Brookfield, IL, where I live, is a small suburb west of Chicago most famous for its zoo, but we moved there because of affordable houses and great schools. Turns out, lots of other young families have done likewise. Our suburb is booming and we need a new library (link has specific info).
Our library does a great job with its tiny space, but it tries to wedge its many visitors into a much too small space. There’s no quiet area to study or read. The meetings rooms are cramped and in the basement, where no one really wants to go. As more and more children come to Brookfield, it’s time for our community to invest in a new library.
There’s a referendum. It’ll cost me about 15$ a month to help build the new library. I’m voting yes.
- There are social good reasons: Equal access to books, information, places to learn.

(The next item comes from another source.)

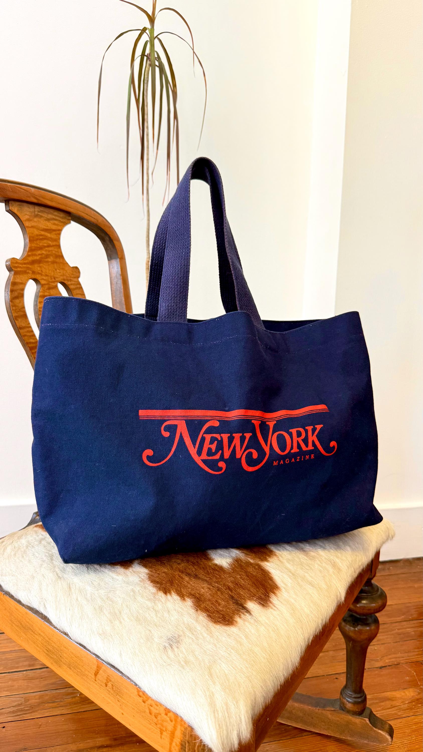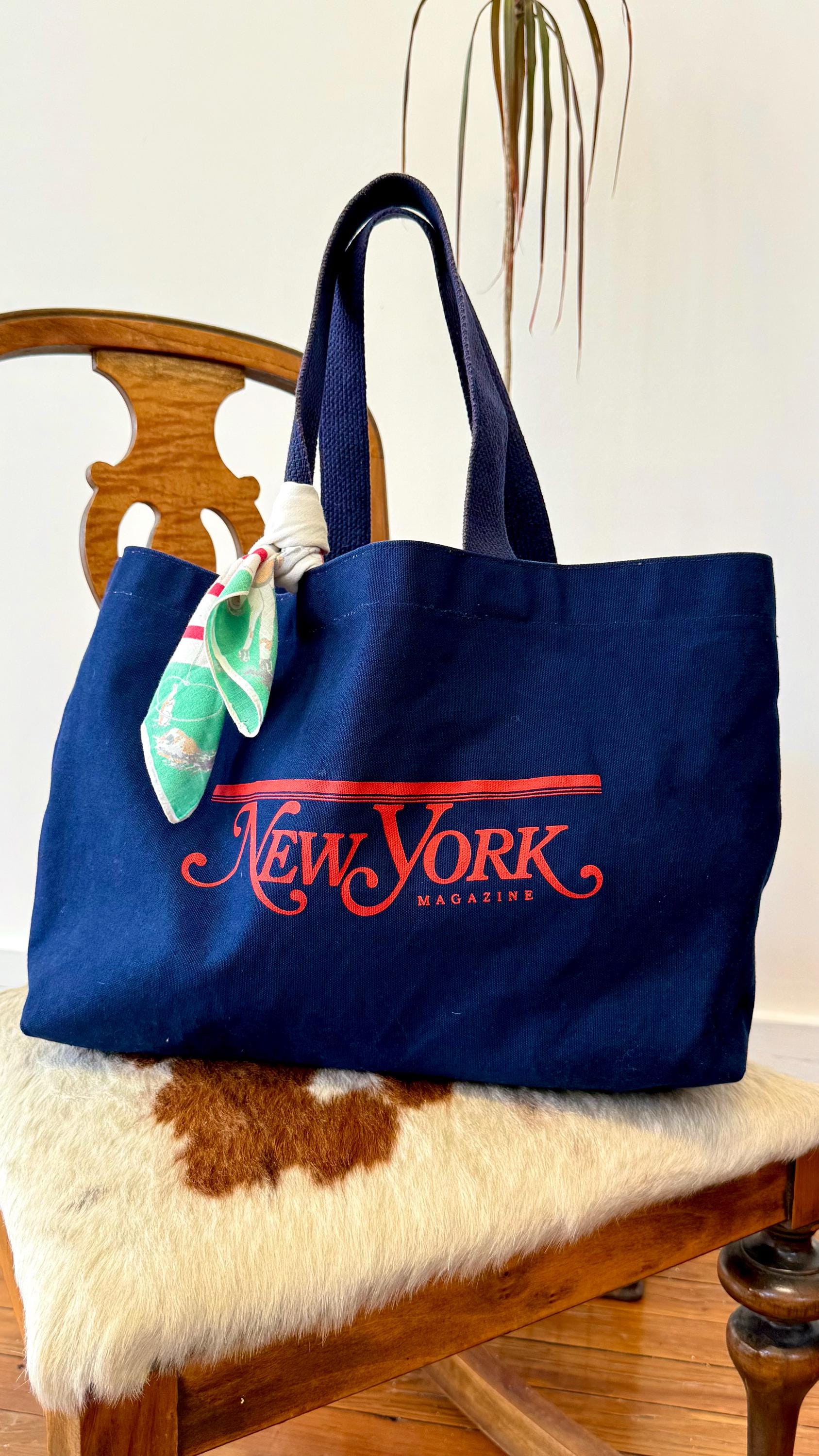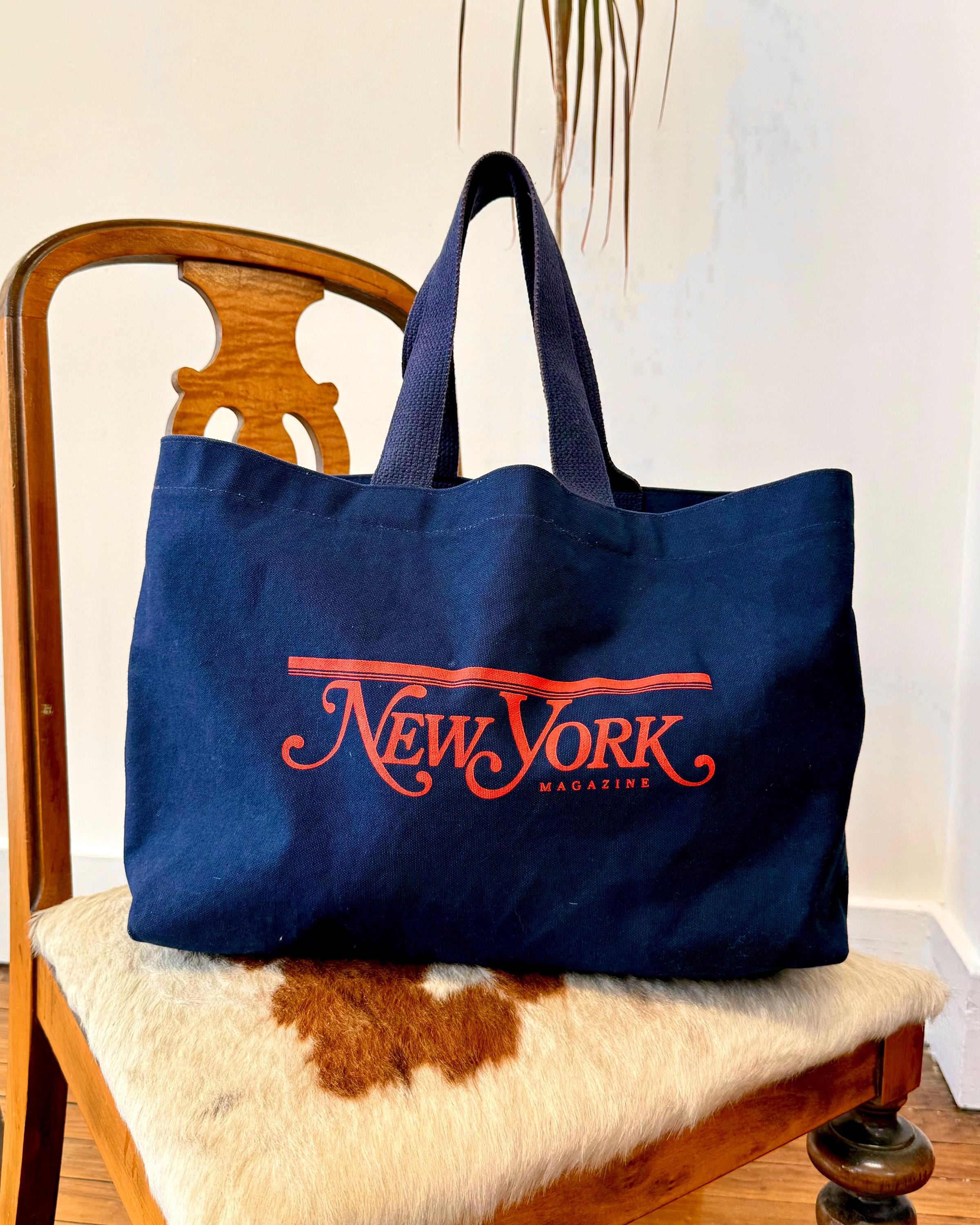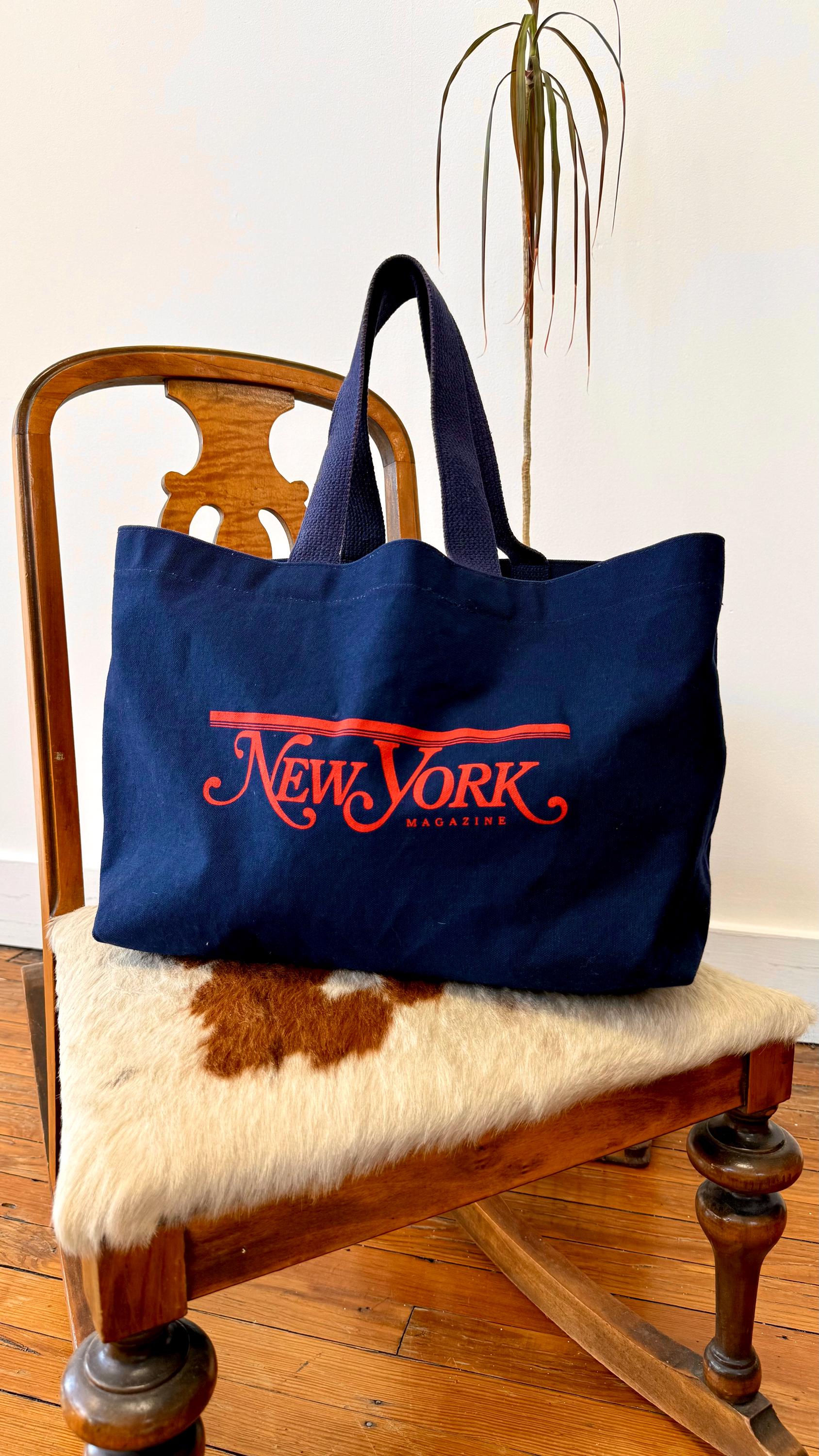 An authentic vintage tote bag for New York magazine. a large rectangular style with a flat base. crafted from durable canvas and webbed shoulder straps. unlined. no interior labels. well worn and broken in.

- There are organization reasons: Meeting space for a growing community.
- There are economic reasons: The new library is likely to boost my property value.
- There are educational reasons: Creativity and imagination are the child’s pathway to success in both personal and professional context.
Here are other reasons we need libraries, and good libraries, including mine at the end.
Libraries are about freedom. Freedom to read, freedom of ideas, freedom of communication. They are about education (which is not a process that finishes the day we leave school or university), about entertainment, about making safe spaces, and about access to information.
I worry that here in the 21st century people misunderstand what libraries are and the purpose of them. If you perceive a library as a shelf of books, it may seem antiquated or outdated in a world in which most, but not all, books in print exist digitally. But that is to miss the point fundamentally.
Libraries are places that people go to for information. Books are only the tip of the information iceberg: they are there, and libraries can provide you freely and legally with books. More children are borrowing books from libraries than ever before – books of all kinds: paper and digital and audio. But libraries are also, for example, places that people, who may not have computers, who may not have internet connections, can go online without paying anything: hugely important when the way you find out about jobs, apply for jobs or apply for benefits is increasingly migrating exclusively online. Librarians can help these people navigate that world.
I don’t use my local library like I used libraries when I was younger. But I want my local library, in no small part because I recognize that I am fortunate not to need my local library — but others do, and my connection with humanity extends beyond the front door of my house. My life was indisputably improved because those before me decided to put those libraries there. It would be stupid and selfish and shortsighted of me to declare, after having wrung all I could from them, that they serve no further purpose, or that the times have changed so much that they are obsolete. My library is used every single day that it is open, by the people who live here, children to senior citizens. They use the building, they use the Internet, they use the books. This is, as it happens, the exact opposite of what “obsolete” means. I am glad my library is here and I am glad to support it.
We look at a child reading and we say: “Look at her, she’s lost in her book.” The lucky child has a parent who reads to him, the lucky child has books on her shelves. All children should have the luck to have a public library, filled not only with information and computers but with books, and book people.
Tony Marx of the New York Public Library has some answers. Today’s libraries still lend books, he says. But they also provide other services to communities, such as free access to computers and Wi-Fi, story times to children, language classes to immigrants and technology training to everyone.
“Public libraries are arguably more important today than ever before,” Marx says. “Their mission is still the same — to provide free access to information to all people. The way people access information has changed, but they still need the information to succeed, and libraries are providing that.”
Or as Andrew Carnegie said many years ago: “A library outranks any other thing a community can do to benefit its people. It is a never failing spring in the desert.”
I say:
The library is the one place in a community designated as safe for imagination, exploration, and learning. I wish it were the schools, but schools are fraught grounds with testing, social hierarchies, and compliance. But the library – it’s a space in which anything is possible, if there’s space, if there are books on the shelves, readings in the corner, enough terminals so that everyone – child and adult – can read and research and game and chat. Communities need imagination.
VOTE LOCAL ON YOUR LOCAL ISSUES. But if you live near me, vote yes on the library.